> **ABOUT THIS TASK**
Skip the pictures and copy all the data that follows exactly.
Segment Start: STORED DATA
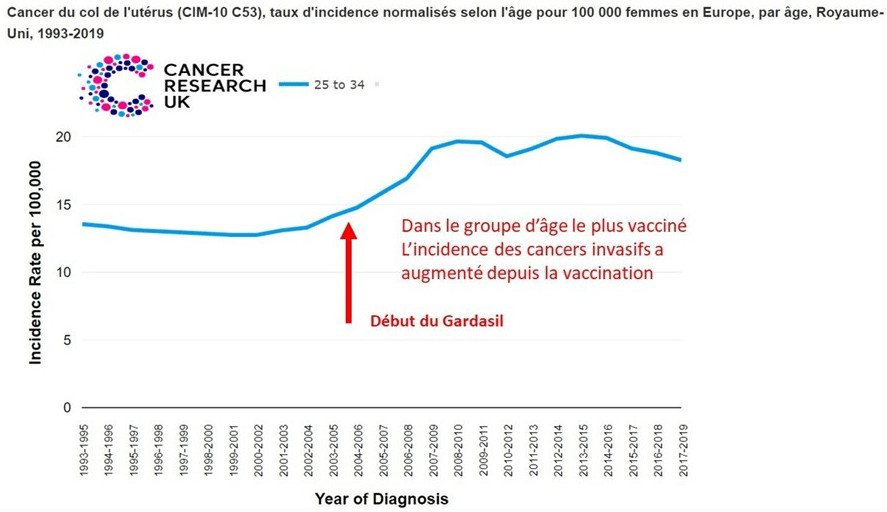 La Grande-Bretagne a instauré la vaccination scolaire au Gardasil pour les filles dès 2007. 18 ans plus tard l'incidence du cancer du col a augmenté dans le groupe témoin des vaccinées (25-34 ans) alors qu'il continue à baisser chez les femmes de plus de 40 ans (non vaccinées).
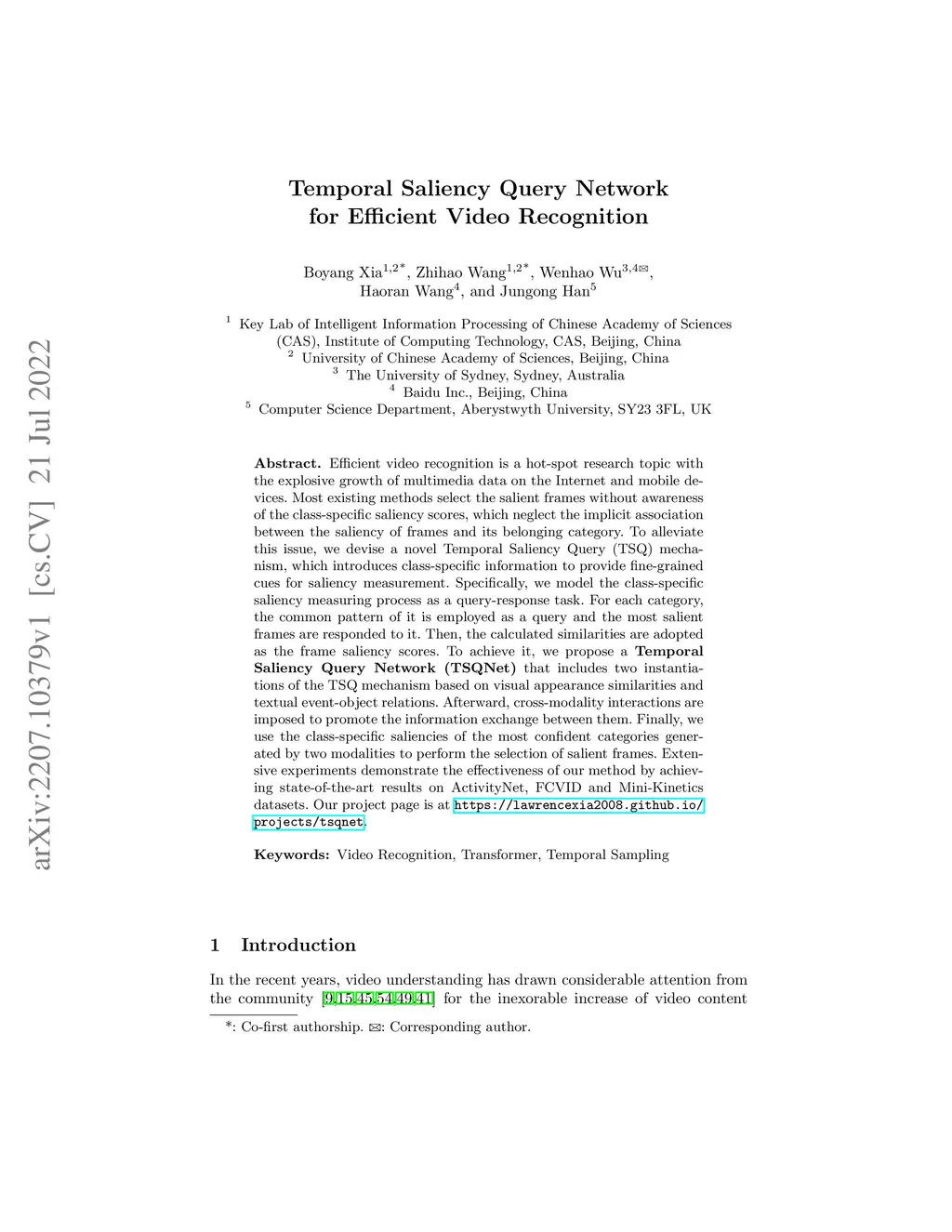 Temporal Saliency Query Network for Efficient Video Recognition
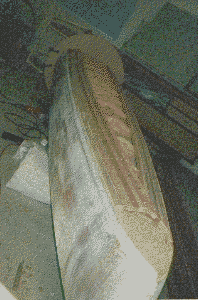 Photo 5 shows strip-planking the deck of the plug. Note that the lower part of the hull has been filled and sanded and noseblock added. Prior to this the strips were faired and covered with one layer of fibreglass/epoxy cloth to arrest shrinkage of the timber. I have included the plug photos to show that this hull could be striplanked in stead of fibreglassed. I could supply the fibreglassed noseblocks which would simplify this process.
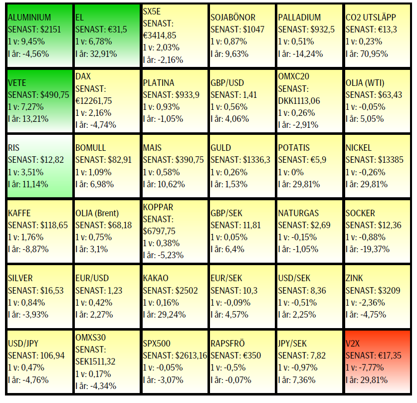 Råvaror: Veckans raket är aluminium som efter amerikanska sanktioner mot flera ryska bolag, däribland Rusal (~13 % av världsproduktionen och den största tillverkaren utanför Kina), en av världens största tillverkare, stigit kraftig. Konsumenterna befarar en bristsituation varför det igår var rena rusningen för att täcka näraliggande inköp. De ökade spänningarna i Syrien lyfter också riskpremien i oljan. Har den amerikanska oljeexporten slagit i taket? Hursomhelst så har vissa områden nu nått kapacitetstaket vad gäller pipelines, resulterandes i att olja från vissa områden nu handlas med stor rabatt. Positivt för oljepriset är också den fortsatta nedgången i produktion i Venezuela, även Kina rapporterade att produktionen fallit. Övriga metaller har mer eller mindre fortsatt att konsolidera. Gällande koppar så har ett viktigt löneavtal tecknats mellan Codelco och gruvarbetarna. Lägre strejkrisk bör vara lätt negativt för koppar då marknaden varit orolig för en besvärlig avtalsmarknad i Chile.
Segment End: STORED DATA
> **RESULT**
 La Grande-Bretagne a instauré la vaccination scolaire au Gardasil pour les filles dès 2007. 18 ans plus tard l'incidence du cancer du col a augmenté dans le groupe témoin des vaccinées (25-34 ans) alors qu'il continue à baisser chez les femmes de plus de 40 ans (non vaccinées).
 Temporal Saliency Query Network for Efficient Video Recognition
 Photo 5 shows strip-planking the deck of the plug. Note that the lower part of the hull has been filled and sanded and noseblock added. Prior to this the strips were faired and covered with one layer of fibreglass/epoxy cloth to arrest shrinkage of the timber. I have included the plug photos to show that this hull could be striplanked in stead of fibreglassed. I could supply the fibreglassed noseblocks which would simplify this process.
 Råvaror: Veckans raket är aluminium som efter amerikanska sanktioner mot flera ryska bolag, däribland Rusal (~13 % av världsproduktionen och den största tillverkaren utanför Kina), en av världens största tillverkare, stigit kraftig. Konsumenterna befarar en bristsituation varför det igår var rena rusningen för att täcka näraliggande inköp. De ökade spänningarna i Syrien lyfter också riskpremien i oljan. Har den amerikanska oljeexporten slagit i taket? Hursomhelst så har vissa områden nu nått kapacitetstaket vad gäller pipelines, resulterandes i att olja från vissa områden nu handlas med stor rabatt. Positivt för oljepriset är också den fortsatta nedgången i produktion i Venezuela, även Kina rapporterade att produktionen fallit. Övriga metaller har mer eller mindre fortsatt att konsolidera. Gällande koppar så har ett viktigt löneavtal tecknats mellan Codelco och gruvarbetarna. Lägre strejkrisk bör vara lätt negativt för koppar då marknaden varit orolig för en besvärlig avtalsmarknad i Chile.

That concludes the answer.